What you need to do: Using the data below, output a verbatim copy of the lines between the one holding "横浜港の夜明け前のブルーアワー" and the one holding "2、共享模式:以SSC为切入", inclusive, without any pictures.

Record extracts:
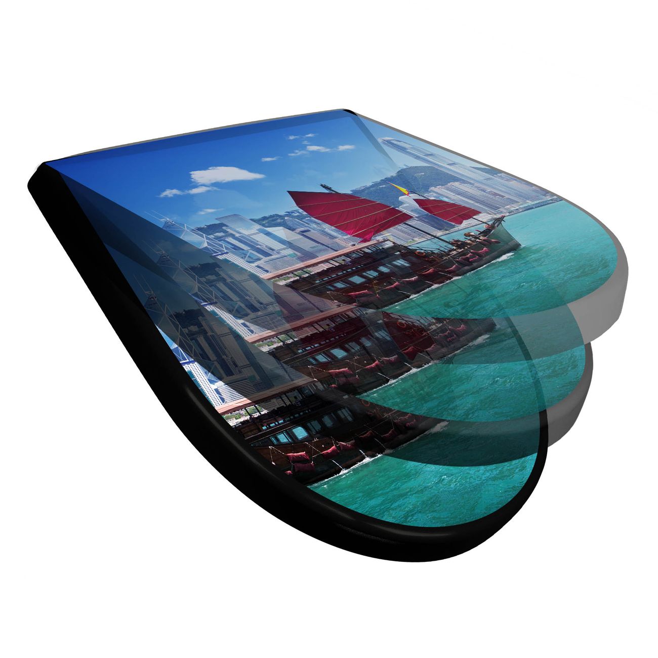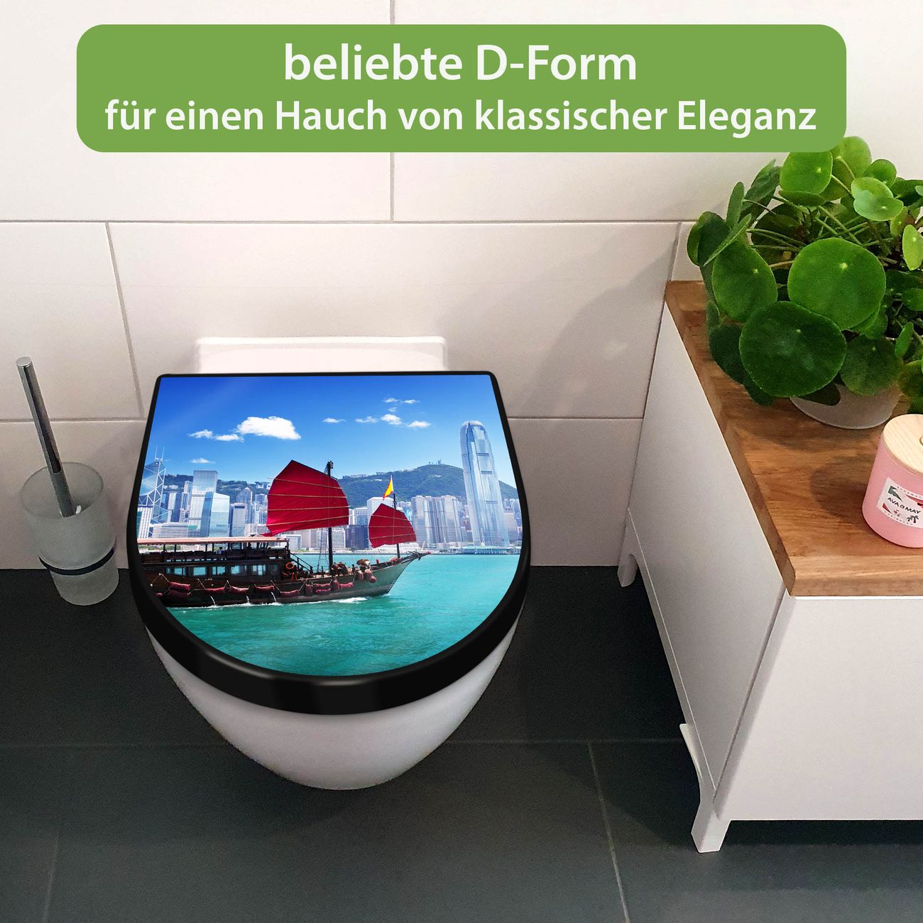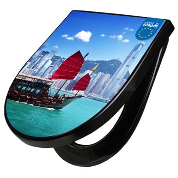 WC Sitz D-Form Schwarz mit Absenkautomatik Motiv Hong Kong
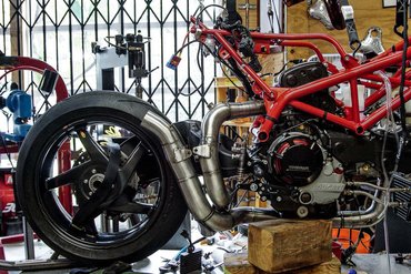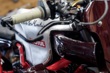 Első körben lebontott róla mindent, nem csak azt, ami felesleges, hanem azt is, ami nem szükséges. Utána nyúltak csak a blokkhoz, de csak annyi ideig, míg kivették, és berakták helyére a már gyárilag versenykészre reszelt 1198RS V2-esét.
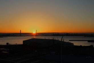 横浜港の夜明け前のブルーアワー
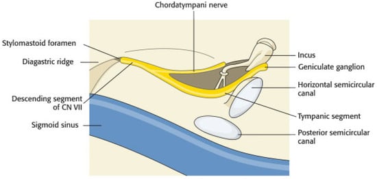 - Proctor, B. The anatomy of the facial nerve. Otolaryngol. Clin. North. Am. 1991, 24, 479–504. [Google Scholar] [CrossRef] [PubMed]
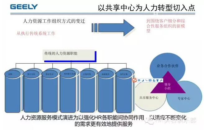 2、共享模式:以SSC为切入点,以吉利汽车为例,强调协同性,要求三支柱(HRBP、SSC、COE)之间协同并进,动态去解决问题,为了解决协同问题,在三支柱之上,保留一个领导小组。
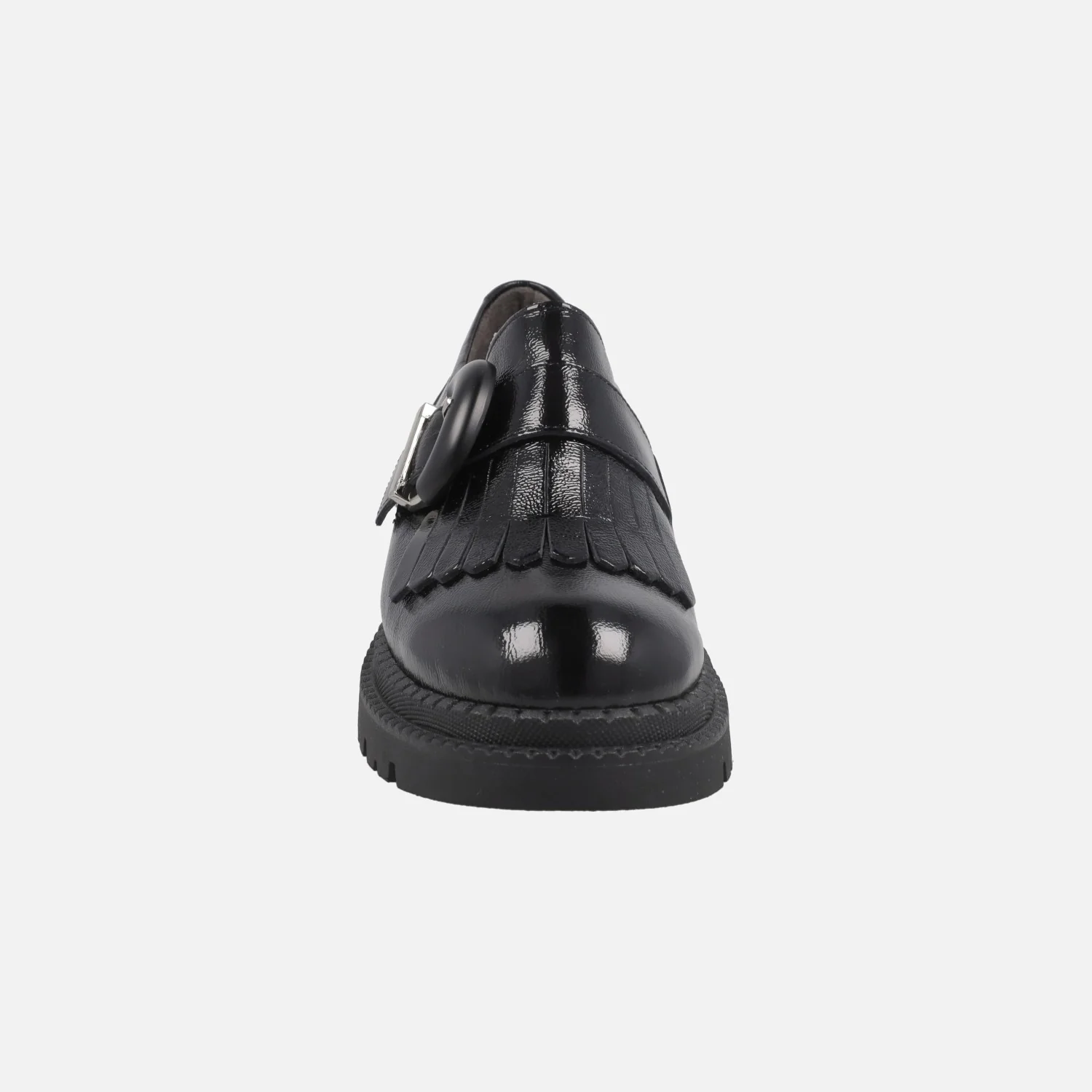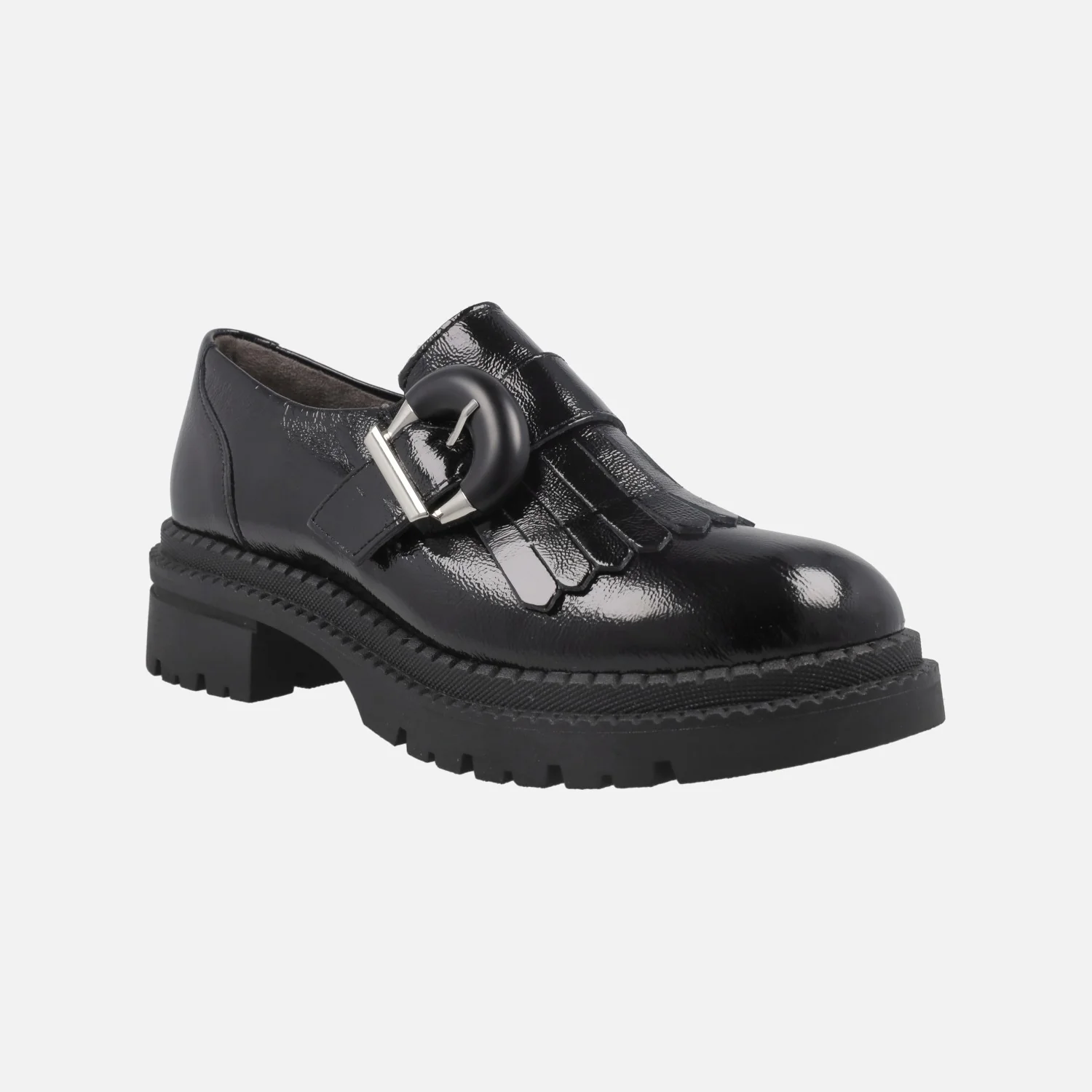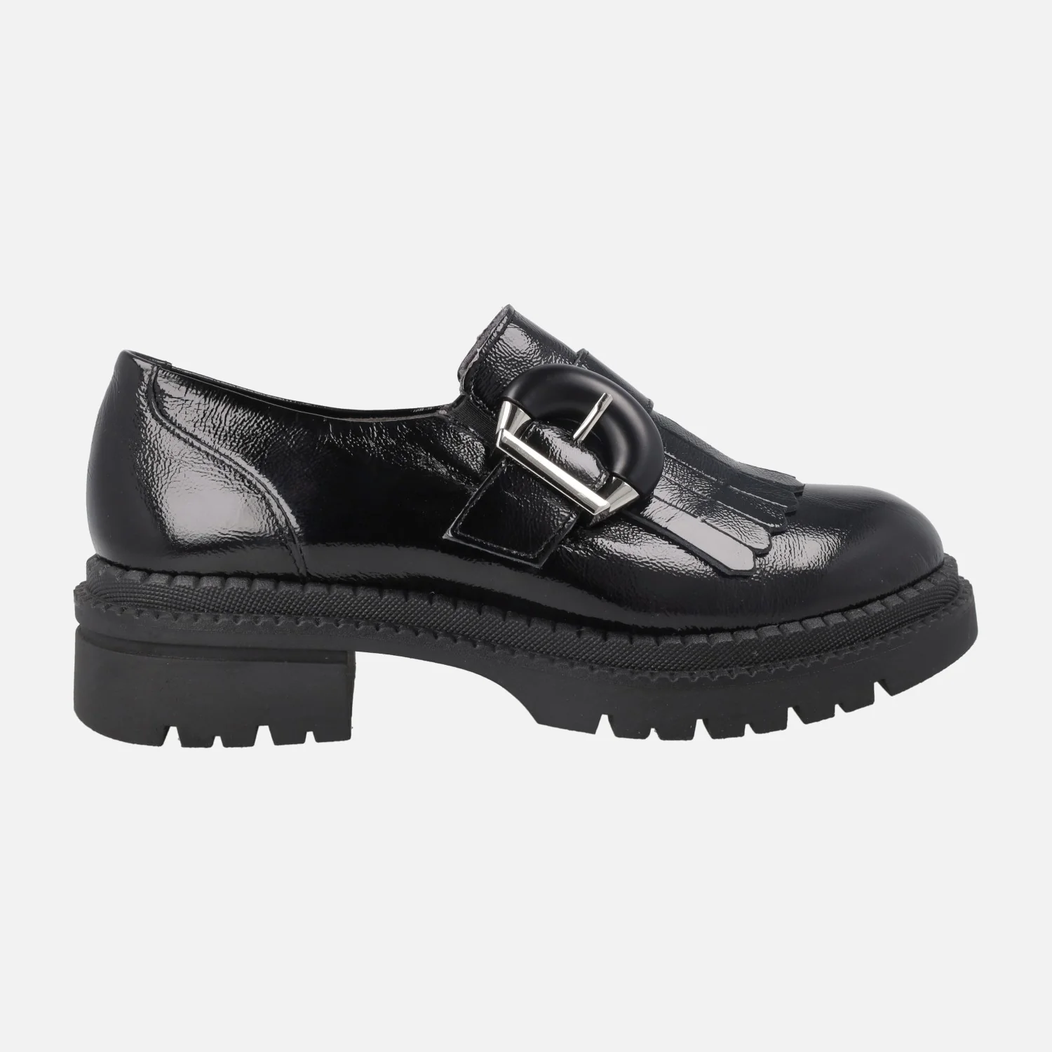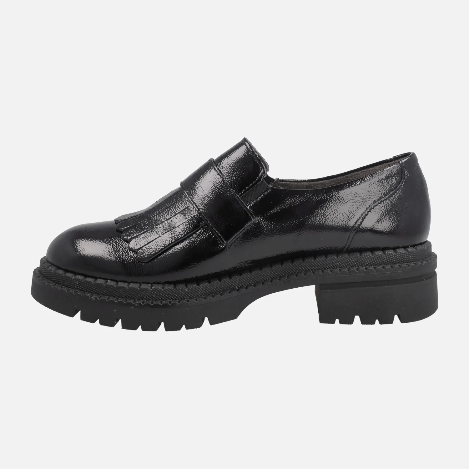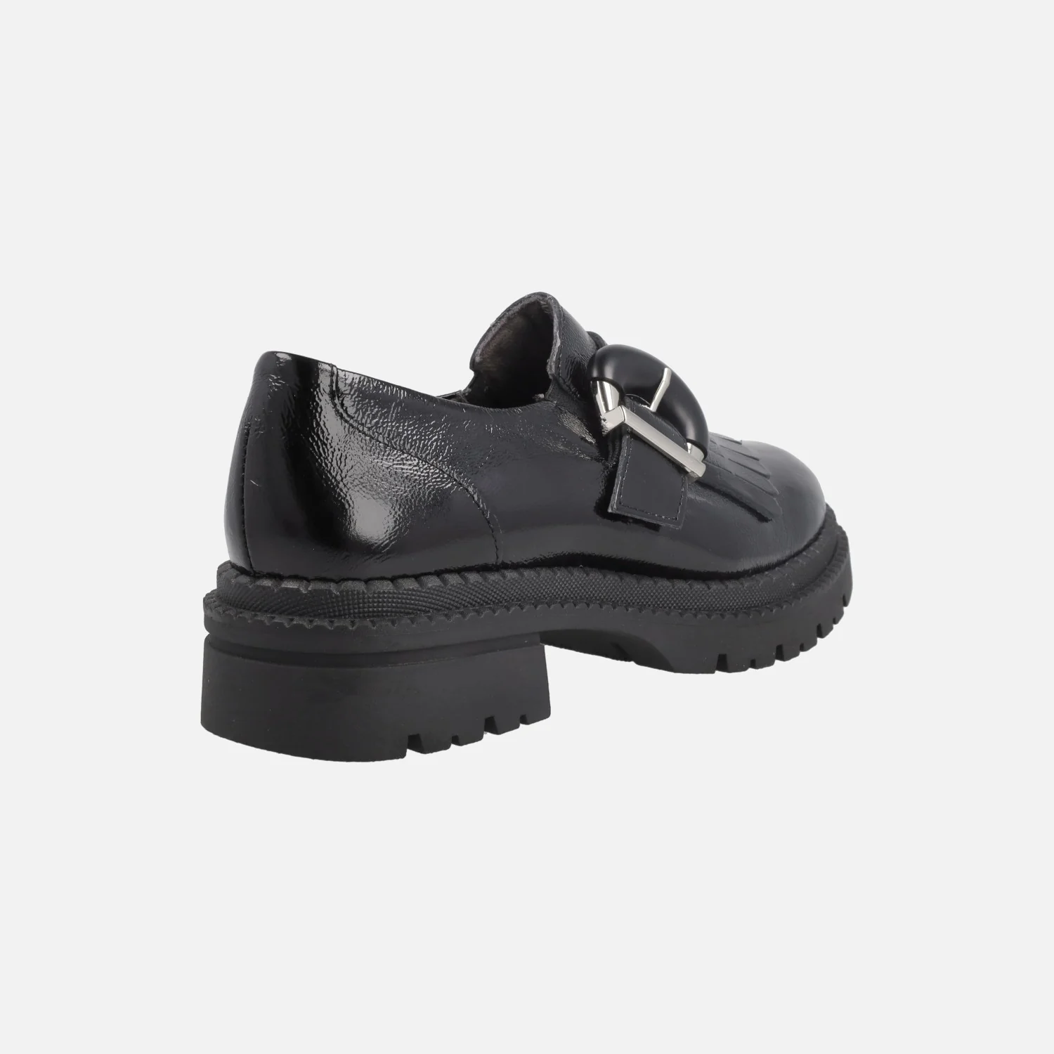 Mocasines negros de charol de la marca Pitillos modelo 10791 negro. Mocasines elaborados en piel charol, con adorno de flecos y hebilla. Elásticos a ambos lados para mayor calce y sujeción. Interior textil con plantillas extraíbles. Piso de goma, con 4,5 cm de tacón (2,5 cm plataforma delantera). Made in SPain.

Solved exercise:
 横浜港の夜明け前のブルーアワー
 - Proctor, B. The anatomy of the facial nerve. Otolaryngol. Clin. North. Am. 1991, 24, 479–504. [Google Scholar] [CrossRef] [PubMed]
 2、共享模式:以SSC为切入点,以吉利汽车为例,强调协同性,要求三支柱(HRBP、SSC、COE)之间协同并进,动态去解决问题,为了解决协同问题,在三支柱之上,保留一个领导小组。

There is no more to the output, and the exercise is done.